Three common patterns:

CRM + lakehouse. The CRM AI assistant asks "what is the lifetime gross margin for this account?" and the query federates between the CRM (relationship data) and the lakehouse (analytics-grade calculations).
CRM + ERP. Functionally similar to live ERP reads, but at the query layer rather than the entity layer. The CRM SQL surface federates joins between local CRM data and live ERP data.
Across lakehouses. A query that needs both Snowflake (finance data) and Databricks (data-science data) federates across both with the query engine translating per-source.

The lakehouse + CRM federation is the case Factory Labs invests in heaviest because it is where AI-driven CRM use cases compound.

How federated query works (mechanically)

The query engine has to:

Know the schemas of every source. Either through pre-registered catalogs (Unity Catalog, Iceberg REST) or runtime discovery.
Translate the query. Decompose a unified SQL query into per-source sub-queries that each source can execute. Some operations push down to the source (filters, projections, sorts), others have to happen at the federation layer (cross-source joins, multi-source aggregations).
Execute. Run sub-queries in parallel where possible.
Merge. Stitch results in the federation layer.

Modern federation engines (Trino, Databricks Lakehouse Federation, Snowflake's federated query surface) do this with reasonable efficiency for most workloads.

Federated query through MCP

For AI assistants, the federated pattern often happens through the Model Context Protocol. The assistant has access to multiple MCP servers (one per data source); it generates a query plan that calls each server's tools, and synthesizes the results.

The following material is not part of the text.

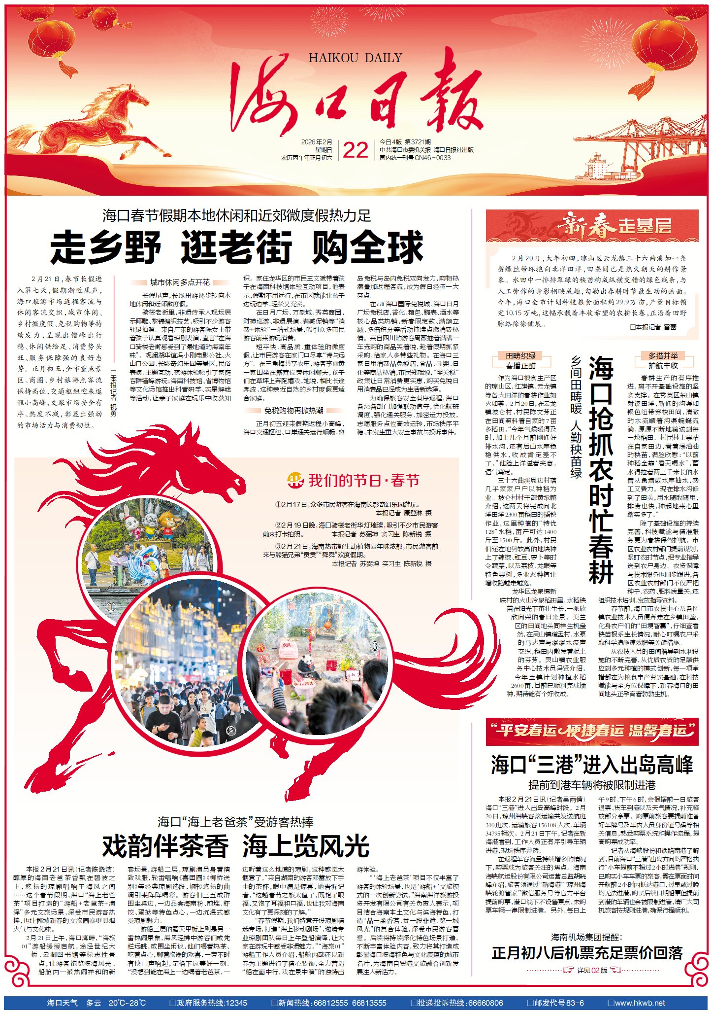 2月21日,假期渐近尾声,海口旅游市场返程客流与休闲客流交织,城市休闲、乡村微度假、免税购物等持续发力,呈现出错峰出行稳、休闲供给足、消费势头旺、服务保障强的良好态势。正月初五,全市重点景区、商圈、乡村旅游点客流保持高位,交通枢纽迎来返程小高峰,文旅市场安全有序、热度不减,彰显出强劲的市场活力与消费韧性。

This is structurally similar to a SQL federation engine, but the orchestration happens in the LLM's reasoning loop rather than in a query planner. The trade-off is flexibility (the LLM can decide what to call dynamically) vs predictability (the LLM's plans are non-deterministic).

In practice both patterns coexist: pre-built federated SQL for analytical reads, MCP-driven federation for ad-hoc AI conversations.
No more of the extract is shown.